_Work item:_
Once the pictures are set aside, transcribe each line of the data exactly.

_Supplied material:_
******

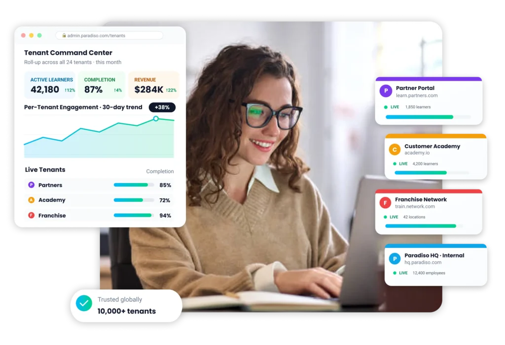 Paradiso’s multi-tenant LMS was built for global enterprises. Each tenant runs in its own language, its own currency, and its own regional compliance regime — without a single line of custom code.
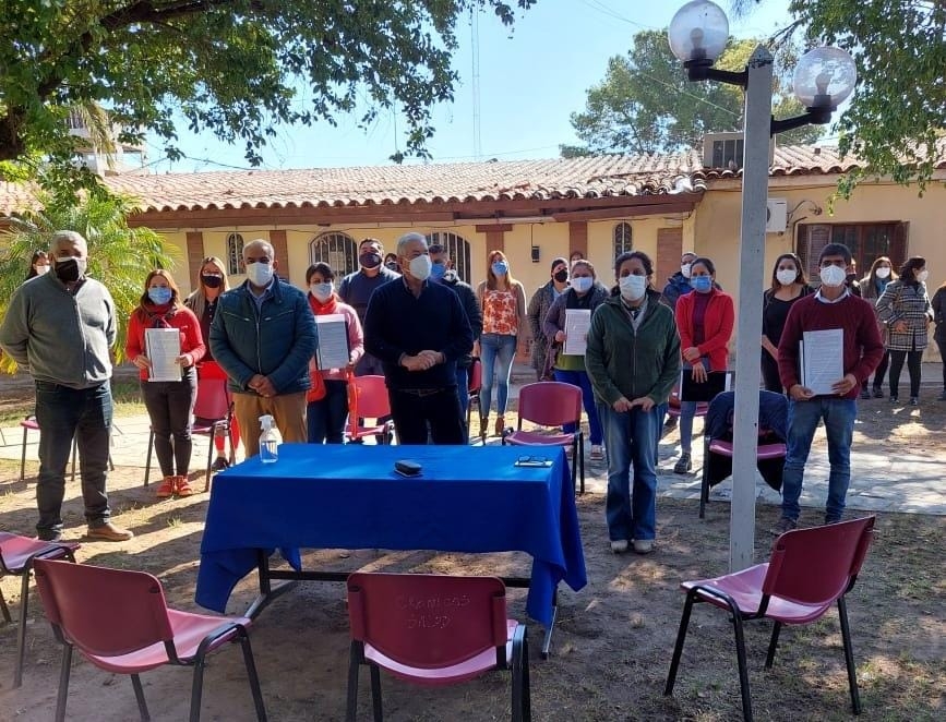 La ministra de Salud, Claudia Palladino, junto a la secretaria de Asistencia en Salud Pública, Manuela Ávila, el secretario General de ATSA, Leonardo Burgos, y el secretario de Trabajo de la provincia, Marino Medina, hicieron entrega de contratos de guardia y becados de las Áreas Programáticas Nº4 (Chumbicha), Nº5 (Pomán), Nº6 (Lavalle), Nº7 (Icaño) y Nº13 (El Alto).
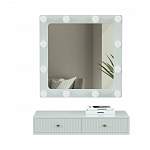 Туалетный столик Бетти 15 BMS эффектно дополнит спальни в стиле модерн или минимализм. Элегантная подвесная модель с фактурным фасадом оборудована двумя выдвижными ящиками с легким и бесшумным выдвижением и износостойкой ламинированной столешницей. Для создания равномерного освещения по периметру квадратного гримерного зеркала расположены светодиодные лампы. Купить туалетный столик Бетти 15 BMS вы сможете в нашем интернет-магазине, по желанию изменив цвет и размеры.

******

_Solution to the exercise:_
 Paradiso’s multi-tenant LMS was built for global enterprises. Each tenant runs in its own language, its own currency, and its own regional compliance regime — without a single line of custom code.
 La ministra de Salud, Claudia Palladino, junto a la secretaria de Asistencia en Salud Pública, Manuela Ávila, el secretario General de ATSA, Leonardo Burgos, y el secretario de Trabajo de la provincia, Marino Medina, hicieron entrega de contratos de guardia y becados de las Áreas Programáticas Nº4 (Chumbicha), Nº5 (Pomán), Nº6 (Lavalle), Nº7 (Icaño) y Nº13 (El Alto).
 Туалетный столик Бетти 15 BMS эффектно дополнит спальни в стиле модерн или минимализм. Элегантная подвесная модель с фактурным фасадом оборудована двумя выдвижными ящиками с легким и бесшумным выдвижением и износостойкой ламинированной столешницей. Для создания равномерного освещения по периметру квадратного гримерного зеркала расположены светодиодные лампы. Купить туалетный столик Бетти 15 BMS вы сможете в нашем интернет-магазине, по желанию изменив цвет и размеры.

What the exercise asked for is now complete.